(Reuters) - Two groups split from what was South Korea's top conglomerate are squaring off in a bid for $2.5 billion-plus controlling stake in the country's biggest builder, Hyundai Engineering and Construction.
Korea Exchange Bank, the biggest shareholder of Hyundai Engineering & Construction, said on Friday it had received letters of intent from Hyundai Motor Group and a consortium led by Hyundai Group, the parent of Hyundai Merchant Marines.
The groups are headed by feuding members of the founding family of the original Hyundai group which was torn apart by family infighting.
In the bid for Hyundai Engineering & Construction Hyun Jeong-eun, a former housewife and the head of the present Hyundai Group will go head to head with Chung Mong-koo, the Hyundai founder's oldest surviving son, chairman of Hyundai Motor and the brother of Hyun's deceased husband.
Analysts said Hyundai Motor with its deep pockets was in a better position to win the race for Hyundai Engineering & Construction and that its acquisition would provide the builder with a strong support.

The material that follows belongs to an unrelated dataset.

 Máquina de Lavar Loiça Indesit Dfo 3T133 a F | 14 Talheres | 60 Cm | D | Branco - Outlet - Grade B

"If Hyundai Motor wins, Hyundai Engineering will have a new cash-rich owner that can provide synergies, such as assertive investments and stable supply of materials for construction," said Kang Seung-min, an analyst at NH Investment & Securities.

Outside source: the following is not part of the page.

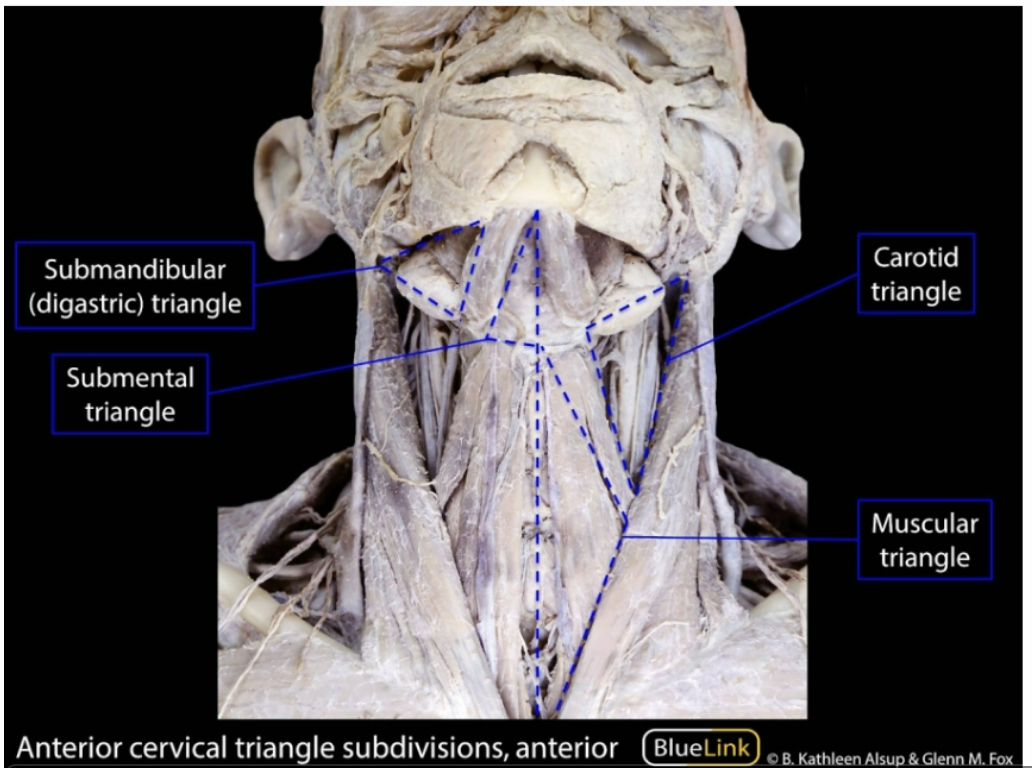 label the differnet sub triangles of the anterior triangle of the neck

Hyundai Motor, the world's fifth-largest auto maker along with its affiliate, had a debt-to-equity ratio of just 55.1 percent as of June, less than one-fifth of the 300 percent ratio for Hyundai Merchant Marine, company data shows.
Hyundai Group has teamed up with Germany's M+W Group, a German engineering and project management firm, for its bid.
BofA Merrill Lynch and a domestic consortium of Korea Development Bank and Woori Investment & Securities are advising on the sale of the 35 percent stake.
Shares in Hyundai Engineering rose almost 3 percent on hopes for more bidders joining the auction, but finished the day down 1 percent, slightly underperforming the broad market's 0.2 percent gain.
A South Korean newspaper had reported early in the day that an unidentified Saudi conglomerate, owned by the Saudi royal family, would join the bidding.
The original Hyundai Group spearheaded South Korea's rise to Asia's fourth-largest economy from the rubble of a war in just over a generation, but has since been split into several groups after the death of its founder.